Your understanding is off, as you said, The Doctor. :) The BIOS boot partion is exactly that, a boot partition for BIOS. It is indeed where GRUB lives, but it is only a requirement for "legacy" BIOS systems when combined with GPT-formatted drives.

Before the wonders of GPT, UEFI, Secure Boot and other such inventions, the standard was pretty much what IMB had in their PC and everyone just went with that ("IBM PC-compatible" ring a bell?). This included how the data on the disk should be layed out and how the BIOS should behave, amongst other things of course. The disk was to have a boot sector, a very small space (a single sector on the disk?) between the start of the disk and the first partition from which the BIOS would read. This was called the Master Boot Record (there were other things in the MBR like information on how partitions are organised or the filesystems of those partitions, so the MBR wasn't just the boot sector) hence the name of the partition table. The bootloader (or code that would load it if the bootloader itself were too big) would therefore reside in the MBR because that's what the BIOS expected and that was the only way to boot. GRUB of course had to do the same, i.e. copy the bootloader to the MBR.
Jumping back to present day and the Unified Extensible FIrmware Interface (UEFI) exist, meant to replace the old IMB standards. The GUID Partitioning Table (GPT) is part of the new standard and meant to replace MBR. Since UEFI doesn't use a boot sector, there is no real eqivalent in GPT (there seems to be space reserved at the beginning where the MBR would've been, can anyone knowledgeable confirm what this is used for? Is that where the "bios_grub" partition is moved?). Since the BIOS is looking for a code in a place where there is none, a work-around is needed. GRUB (and other bootloaders) can reserve an unformatted partition, called the GRUB Boot Partition or "bios_grub" in GNU Parted, where it stores the code that would otherwise be written to the MBR. This allows the BIOS to read and execute the code it's looking for in order to boot, even when booting from GPT disks.
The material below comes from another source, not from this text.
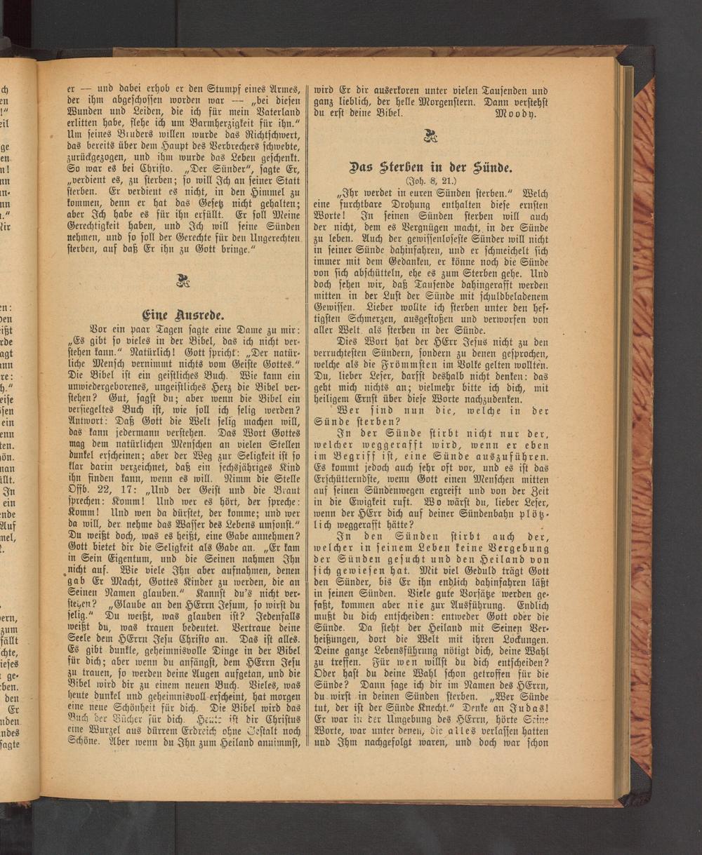 „Ihr werdet in euren Sünden sterben." Welch eine furchtbare Drohung enthalten diese ernsten Worte! In seinen Sünden sterben will auch der nicht, dem es Vergnügen macht, in der Sünde zu leben. Auch der gewissenloseste Sünder will nicht in seiner Sünde dahinfahren, und er schmeichelt sich immer mit dem Gedanken, er könne noch die Sünde von sich abschütteln, ehe es zum Sterben gehe. Und doch sehen wir, daß Tausende dahingerafft werden mitten in der Lust der Sünde mit schuldbeladenem Gewissen. Lieber wollte ich sterben unter den heftigsten Schmerzen, ausgestoßen und verworfen von aller Welt, als sterben in der Sünde.

Moral of the story: The unformatted ~1MB "bios_grub" partition is only needed for users going the BIOS+GPT route and is there due to historical reasons.

Can anyone update the handbook on this (and/or move my post to the tips and tricks forum :D)? It's a shame that it doesn't clear this up as I was confused about the point of the bios_grub partition at first as well.

EDIT: Here is the part in GRUB's manual where they briefly mention it.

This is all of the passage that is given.